But as it stood, Elmiryn didn’t feel threatened yet. She had started to warm up to the idea of excitement, and while the situation wasn’t necessarily ideal, beggars couldn’t be choosers. With one hand shielding her eyes from the approaching sunlight, Elmiryn squinted up at the newcomer. “What is that thing you’re holding?” she asked.
“I’d say it’s my way of reasoning,” the man answered. He put his free hand on his hip. “Others, however, call it a pistol.”
The woman’s brows went up high. “A pistol? I’ve heard about those things! Like mini-cannons, right? What enchantment have you got to make it fire straight?”
“Elmiryn,” Nyx’s voice, small as a mouse. “Is this really appropriate?”
The woman glanced at her, disappointed. She really was curious. “I guess not.”

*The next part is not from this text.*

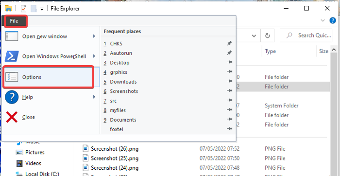 2.VælgValgmulighedermenuen i slutningen af menuerne Vis i mappevisningen.

“Oh no, I don’t mind answering,” the man said, his smile pulling a little wider. Elmiryn picked up on the way he spoke from the back of the tongue, with strong emphasis on his r’s. She recognized the accent from some slippery recollection, but an origin still eluded her. The man hopped down and slid several yards on the dirt and rock before he stopped himself on clumped bit of earth and weed. He held the gun up so that they could all see its side, and Elmiryn leaned in a little, squinting.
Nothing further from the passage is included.